As for the rest- mine has trouble with spelling. That also carries over into her grammar not being the best, but we have always focused on that, so it is not as bad as I have seen coming from public schools. If she is hand writing, she still forgets capital letters at the beginning of sentences and such, just part of the dyslexia. But her typing is pretty good, and spellcheck helps a lot. 

Studying for tests isn't her best thing either. We haven't used anything formal. But I do have her take notes from each chapter and go over them to help her learn as others have said. It is just an ongoing project with her. Lots of review.  She is getting ready for her driver's permit test. That is important to her, so it is a good place to work on those skills. 
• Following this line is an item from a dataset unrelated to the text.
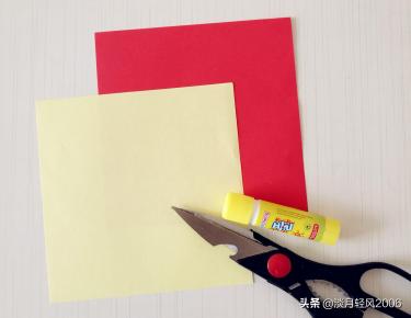红、黄两色卡纸、胶、圆规、剪刀。(厚一点的卡纸效果更好)

And like others said with the carrot- we do a lot of her curriculum through things she loves. She is an artist, loves history, big projects, etc. We found a unit study fully planned out around the History of Fashion last year. It was amazing. It combined teaching computer skills in 'Word which she needed, history projects around each decade as they studied the fashion and the reasons behind fashion changes. We took this one semester unit study and made a full year out of it. She read a history textbook alongside it for her history, doing the mapwork and projects from the unit study for her written work. I bought her a Thinking Tree fashion journal for her final projec.t. For each decade it had her research a first lady's gown, do a written paper on a something that happened in that decade, and design her own gowns and to watch a movie from each decade to see the fashion. We chose movies by decade that were from famous literature or about important historical events.  I included a book on historical costuming for her to read alongside as well. It included some historical handicrafts and had them plan a tea party and do recipes from the time periods. So she got some English projects from this, all of her history, lots of art and hands on, lots of exposure to literature and stories from the watching the movies. 

I try to have at least one class going at a time like this that she really enjoys and that includes things she loves, but that also covers necessary subjects, This year she wanted to do another play. The community theater group she danced with in the past isn't doing much because of COVID, so we joined a co-op that is doing a play. I signed her up for some Master Classes on theater and speech to go along with it.